Release Date: December 6, 2016  |  Next Release Date: January 10, 2017  |  Full Report    |   Text Only   |   All Tables   |   All Figures

Crude Oil

Prices: Crude oil prices traded below October levels for most of November before increasing significantly on the last day of the month. West Texas Intermediate (WTI) crude oil prices increased from $46.67 per barrel (b) on November 1 to $51.06/b on December 1, while international benchmark Brent crude oil increased by $5.80/b over the same period to settle at $53.94/b (Figure 1). WTI and Brent average spot prices in November were $4.07/b and $4.79/b lower, respectively, than the October averages.

At their November 30 meeting, members of the Organization of the Petroleum Exporting Countries (OPEC) announced a framework for supply reductions among most of its members. Several non-OPEC producers also announced their intention to freeze or reduce production. The extent to which the announced plans will be carried out and actually reduce supply below levels that would have occurred in their absence remains uncertain. If the agreement contributes to prices rising above $50/b in the coming months, it could encourage a return to supply growth in U.S. tight oil more quickly than currently expected. Crude oil prices near $50/b have led to increased investment by some U.S. production companies, particularly in the Permian Basin. A price recovery above $50/b could contribute to supply growth in other U.S. tight oil regions and in other non-OPEC producing countries that do not participate in the OPEC-led supply reductions.

Continuing global supply growth in 2017 may postpone significant global inventory withdrawals until 2018, with the first half of 2017 showing inventory builds averaging 0.8 million b/d in our current forecast. Global inventory builds are forecast to average 0.4 million b/d for all of 2017. Despite new oil production coming online when oil inventories are at high levels globally, global economic data have been more positive than previous expectations, and increases in oil demand growth could help to support prices in the coming quarters.
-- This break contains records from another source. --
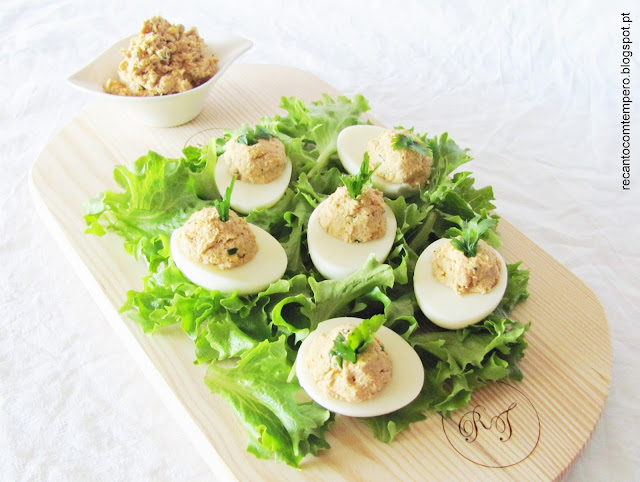 - Sirva os ovos recheados numa cama de folhas de alface e acompanhe esta entrada com tostas ou pão torrado.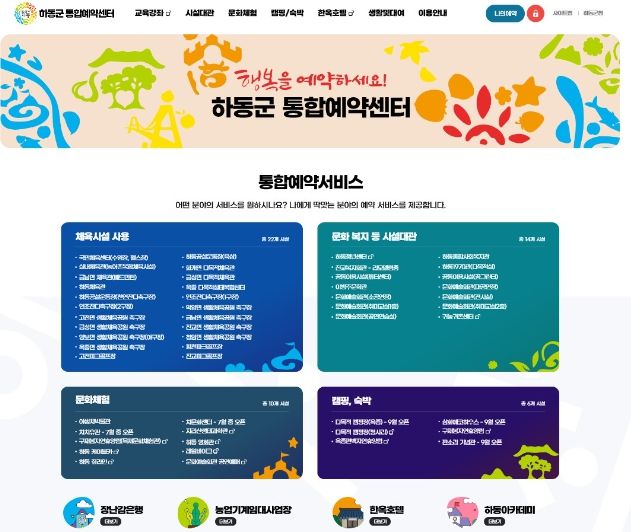 한편, 통합예약센터는 하동군청 홈페이지에 접속하여 ‘통합예약센터’ 메뉴를 선택하면 확인할 수 있다.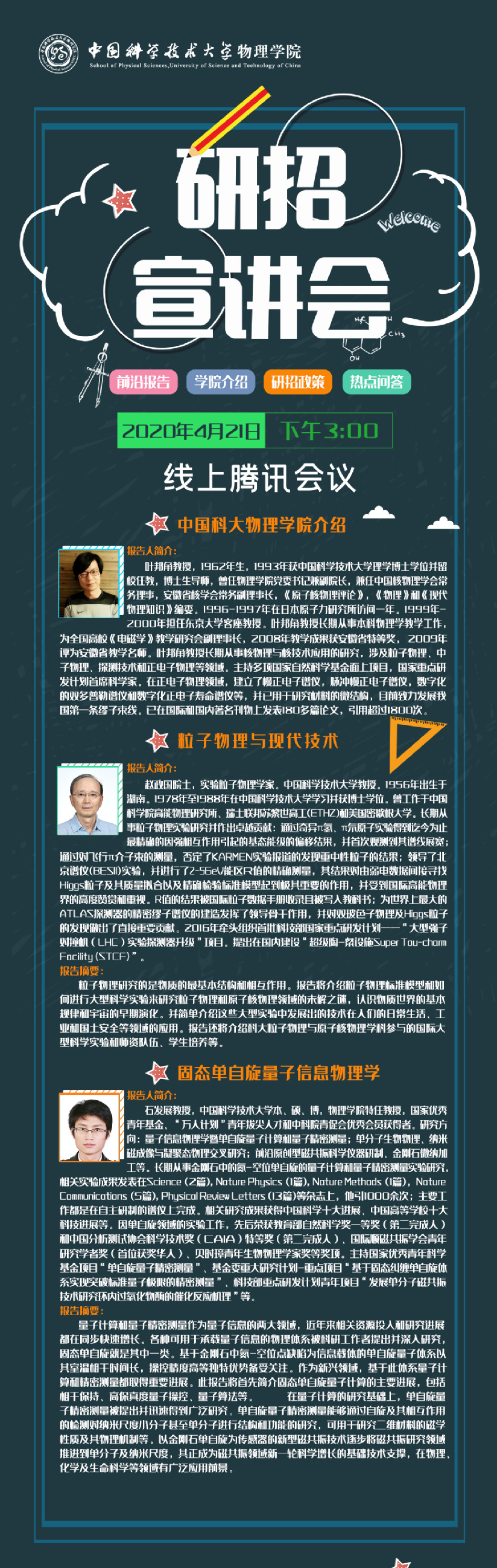 物理学院研究生招生网络宣讲会(华中、西北地区),4月21日下午15:00腾讯会议不见不散,有意向参加与学生线上咨询互动的导师,与物理学院张义红联系。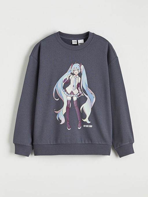 • Hatsune Miku Bask?l? K?z ?ocuk Kal?n Sweatshirt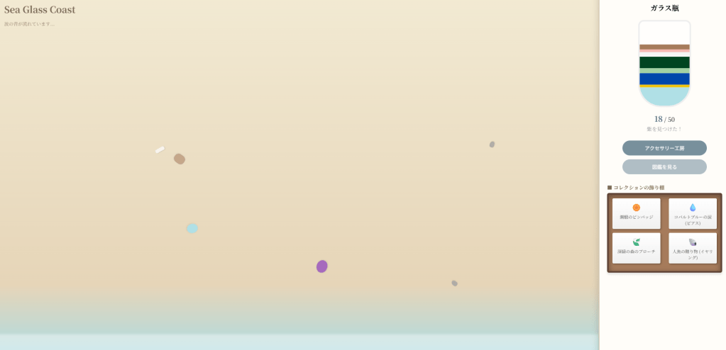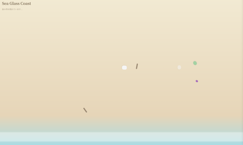 今回の記事では、AI と相談しながら作った「シーグラス探しゲーム」の HTML コードを公開します。ブラウザだけで動く、とてもシンプルなゲームです。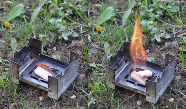 Die Wärmezufuhr ist nur mit AN oder AUS zu regeln und man sollte die Brennstofftabletten ganz abbrennen. Auch wenn der Esbit meist gut verpackt ist, sobald er feucht geworden ist, sollte man davon absehen ihn zu verwenden, feuchter Esbit neigt dazu zu explodieren (selbst erlebt in einer schwedischen Tageshütte, ein Mitgast hat uns allen einen gehörigen Schrecken eingejagt und Brandlöcher in den Schlafsäcken produziert).
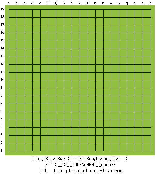 Last move : 0-1 2020 December 10 15:10:40 [Event "FICGS__GO__TOURNAMENT__000073"] [Site "FICGS"] [Date "2020.11.10"] [Round "1"] [Black "Ling,Bing Xue"] [White "Ni Rea,Mayang Ngi"] [Result "0-1"] 0-1 This go game has been lost on time (started : 2020.11.10 13:7:15) Here are the names of the openings (joseki) played in the four corners : Player White won this Go (weiqi, baduk) game. Follow this game move after move (download)One point in the center is worth ten in the corner. (Anonymous) This is where the fun begins. (Anakin Skywalker in Star Wars ep.3)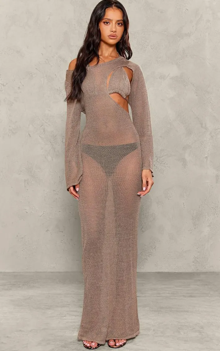 Be the best dressed on any occasion with this petite taupe knit cut out bralet detail maxi dress. Brought to you in a taupe knit material with a cut out design and a maxi length, we are seriously obsessed. This dress with a bralet detail will turn heads wherever you step foot. Team with your fave heels and accessories to finish off the look we are loving.
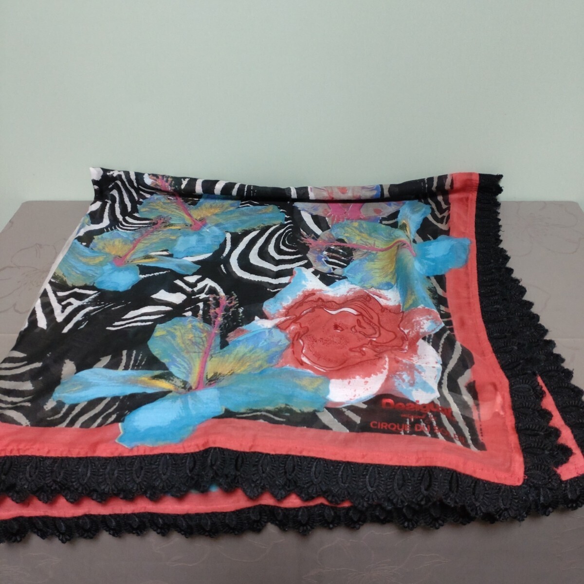 - ★★②デシグアル『Desigual』《縁レース大判スカーフ》114cm角 ☆極美品☆ ★★

The Brent crude oil price forecast for 2017 was increased by $1/b from the November STEO, with 2017 prices expected to average $52/b in the December STEO. Brent and WTI crude oil prices for the first half of 2017 are projected to remain near $50/b, with prices ending the year around $55/b. Implied volatility increased in the weeks prior to the OPEC meeting, suggesting significant uncertainty regarding both the prospects for the recent agreement and its potential implications for global oil balances.

Figure 1: Historical crude oil front month futures prices

Oil production, particularly in the United States, has been more resilient in the current oil price environment than had been expected, as reflected in improving financial conditions at oil companies. Improved profits could encourage oil producers to increase capital expenditures and expand production in 2017 and beyond, especially if oil prices increase. In the third quarter of 2016, a group of publicly traded global oil companies reported the first quarterly profit from upstream production business segments since the fourth quarter of 2014, according to recently released earnings statements from 91 companies (Figure 2). Collectively, the group earned almost $2.3 billion in the third quarter when front-month Brent crude oil prices averaged $47/b. In the same period in 2015, when prices averaged $51/b, the group lost $54.1 billion.
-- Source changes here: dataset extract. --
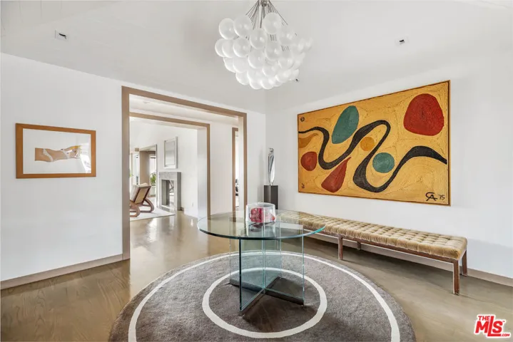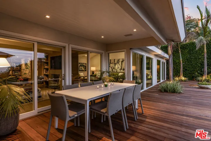 A private oasis in the Bird Streets, this fully renovated, mid-century home is the essence of California cool. With interiors designed by Peter Dunham, the updated ranch house has been published in Elle Decor. After entering the gracious foyer, you are mesmerized by the expansive view from every room. The primary bedroom, living room, family room, dining room, and kitchen all access a recently renovated wood deck and saltwater/mineral pool which evoke a hotel in St Barths. A smart Control 4 system, a standing seam metal roof, Waterworks fixtures, and custom millwork throughout create a polished and updated take on mid-century style. Open to the dining area, the handsome kitchen features Viking and Subzero appliances. A sophisticated primary bedroom suite with pitched ceilings contains a generous walk-in closet and marble bathroom. A library/office tucked into an interior space create the perfect work-from-home setting. Two half baths, a laundry room, two car Garage, and a private second bedroom with en-suite bath complete the floorplan. This pristine, turn-key home on a quiet cul-de-sac offers the best of the Bird Streets and a dazzling view all day and night.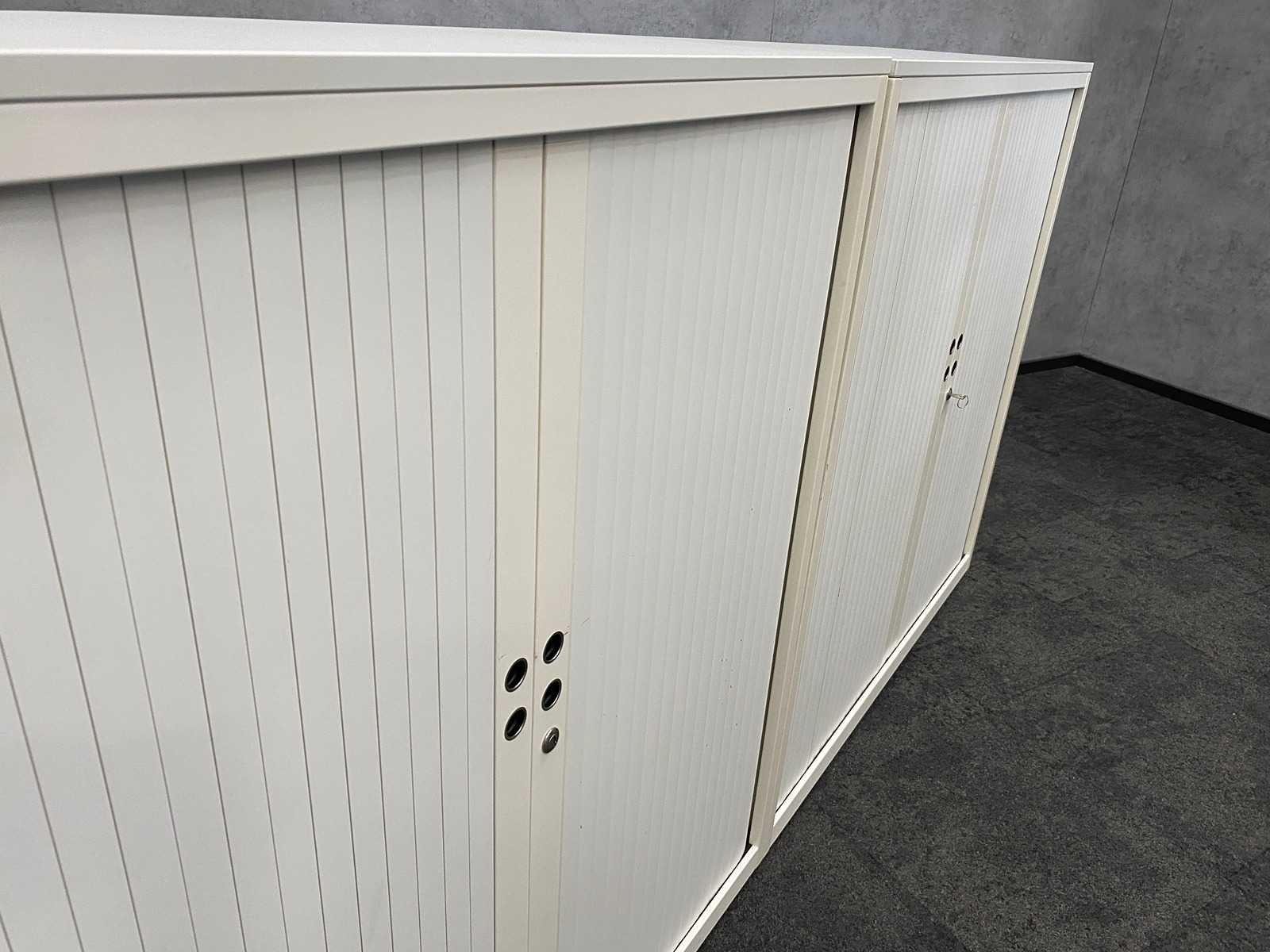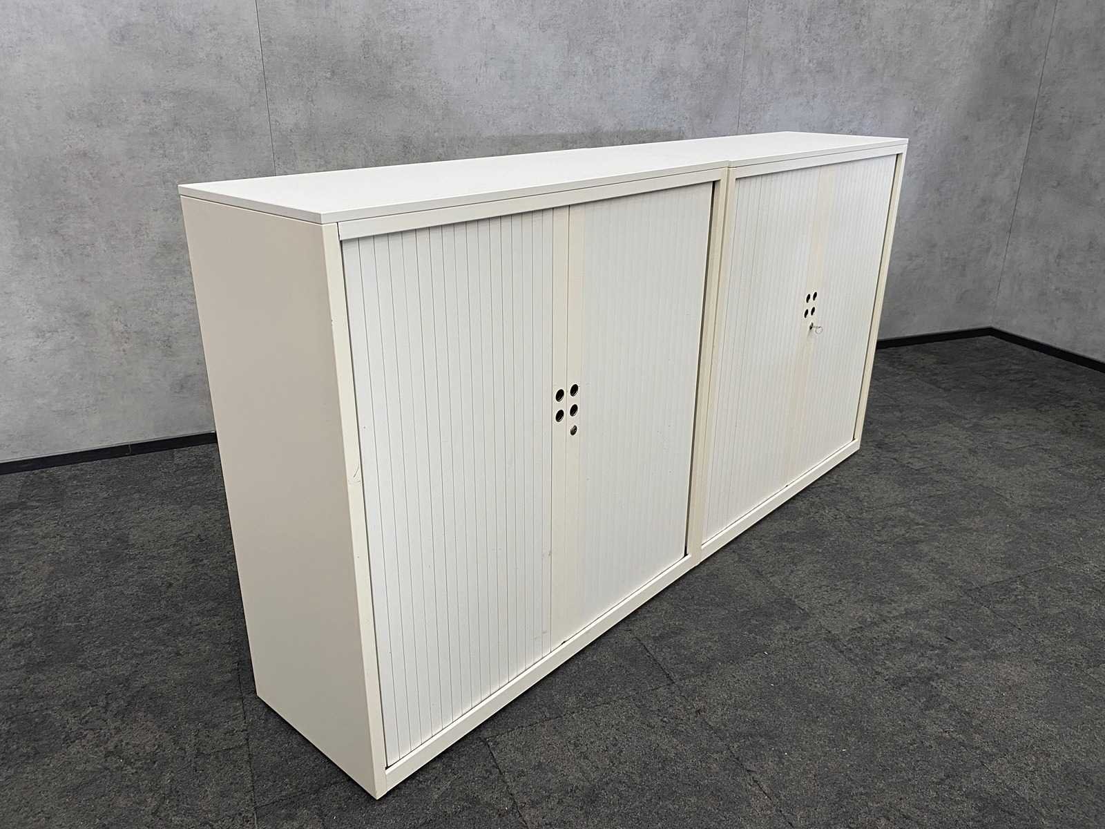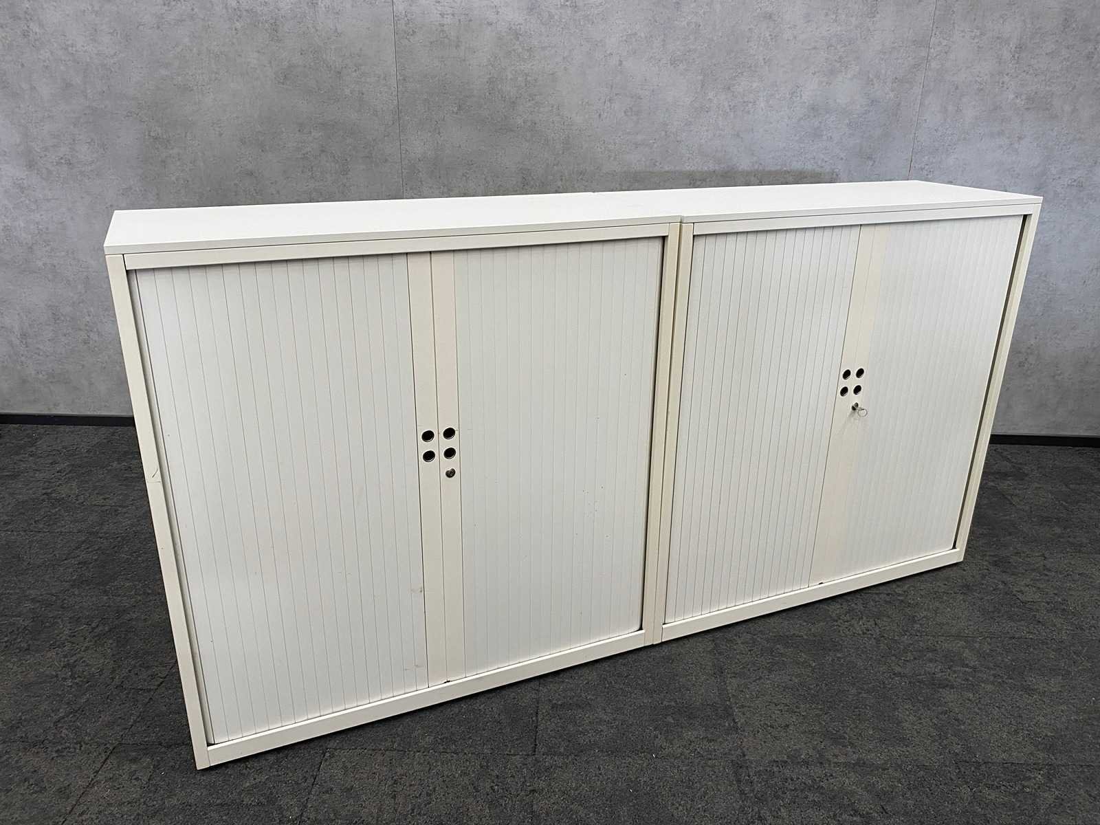 Afm. per kast ca. 123x120.5x47.5 cm. -- v.v. 2 verstelbare legborden per kast -- 1x met sleutel, 1x zonder sleutel Nee Merk: 2x Gispen Kleur: wit Materiaal: metaal, kunststof

Since the fourth quarter of 2014, many companies have written down the value of their assets to reflect lower oil prices, which reduces earnings in the quarter in which a company recognizes the write-down. The increase in earnings this year is partially attributable to a reduction in asset write-downs, which declined 80% year-over-year. Additionally, company reductions in operating expenses were greater than the declines in revenue, contributing to higher profitability.

Figure 2: Crude oil front month - 13th month futures price spread

Crude oil supply and price spreads: EIA revised the U.S. crude oil production forecast upward from the November STEO, with average 2017 production expected to decline by less than 0.1 million b/d from 2016 levels. Total U.S. liquids production, which includes production of hydrocarbon gas liquids (HGL) and biofuels, is expected to increase by 0.2 million b/d in 2017.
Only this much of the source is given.